Съ тревожнымъ чувствомъ прислушивался Левъ Александровичъ къ рѣчамъ своего новаго патрона и дѣлалъ безошибочный выводъ, что передъ нимъ человѣкъ, разбитый по всѣмъ пунктамъ.
Какъ это все произошло и въ чемъ именно онъ потерпѣлъ крушеніе, для него было далеко еще не ясно, но было очевидно, что въ немъ говоритъ уже отчаяніе.
Зналъ онъ только, что эти откровенныя рѣчи Ножанскаго объясняются чрезмѣрно выпитымъ виномъ и что завтра онъ, пожалуй, такихъ рѣчей не поведетъ, а потому ему хотѣлось услышать отъ него сегодня какъ можно больше.
И это было далеко не простое любопытство. Завтра, быть можетъ, ему самому предстоитъ войти подъ этотъ стеклянный колпакъ, подъ которымъ было «безвоздушное пространство».

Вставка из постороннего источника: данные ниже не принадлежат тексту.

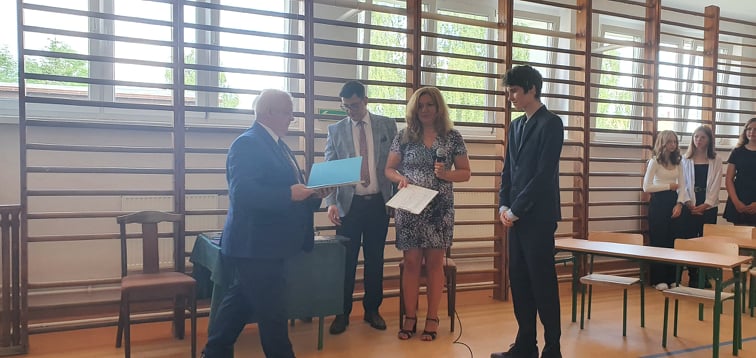 To tu osiem lat temu, onieśmieleni zostaliście włączeni w poczet mogielnickiej społeczności szkolnej. Krok po kroku pokonywaliście bariery, zdobywaliście wiedzę by stać się ludźmi dorosłymi, świadomie wybierającymi drogę swojej przyszłości. Bagaż wspólnych doświadczeń, nierzadko okupiony łzami uczynił z was ludzi bardzo sobie bliskich. Być może Wasze drogi się rozejdą, ale w murach tej szkoły zawsze znajdziecie miejsce przyjazne, pamiętające swoich Wychowanków.
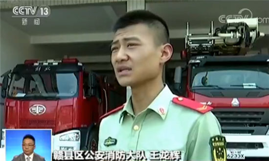 5月23日下午3點多,江西省贛州市贛縣區城南大道的濱江花城小區有一居民樓突發火災,現場熊熊大火,直冒濃煙,接到報警后,王龍輝和隊員們迅速趕往現場進行滅火。
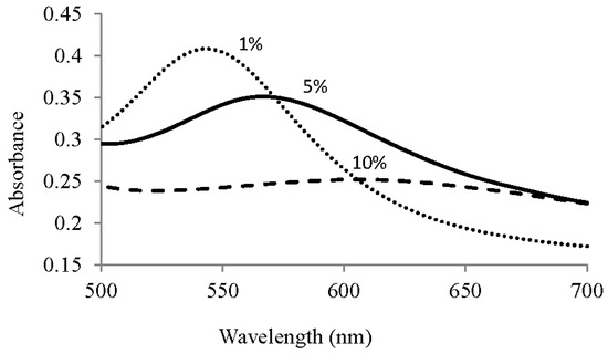Visible absorbance spectra for AuNPs produced using 1, 5, and 10% tea solutions.

Ни поученій, ни совѣтовъ отъ Ножанскаго онъ не ждалъ и, если бы и были совѣты, онъ ими не воспользовался бы, потому что считалъ ихъ себѣ не подходящими. Онъ видѣлъ, что Ножанскій можетъ дать совѣты только упадочнаго характера, разумѣется, если будетъ искрененъ и не станетъ на ходули.
Но онъ хотѣлъ знать, какъ можно больше, чтобы самому создать для себя наиболѣе вѣрный ходъ.
Между тѣмъ Ножанскій, хотя уже больше и не пилъ вина, но нѣкоторое время еще разгорячался, и рѣчь его отъ этого становилась все менѣе и менѣе интересной. Онъ не былъ пьянъ, держался ровно, но въ глазахъ его стоялъ туманъ.
Отъ важнаго онъ сталъ уклоняться къ случайнымъ пустякамъ и, наконецъ, совсѣмъ замолкъ и задумался.
Онъ помолчалъ минуты двѣ, потомъ встрепенулся, взялъ бутылку съ виномъ, но не налилъ въ стаканъ, а отставилъ ее на дальній край стола.
— Однако, это глупо, — сказалъ онъ и протеръ глаза, какъ бы проснувшись. — Я чуточку охмѣлѣлъ и, кажется, наговорилъ вамъ страстей… А?
— Вы мало сказали мнѣ пріятнаго, — промолвилъ Левъ Александровичъ.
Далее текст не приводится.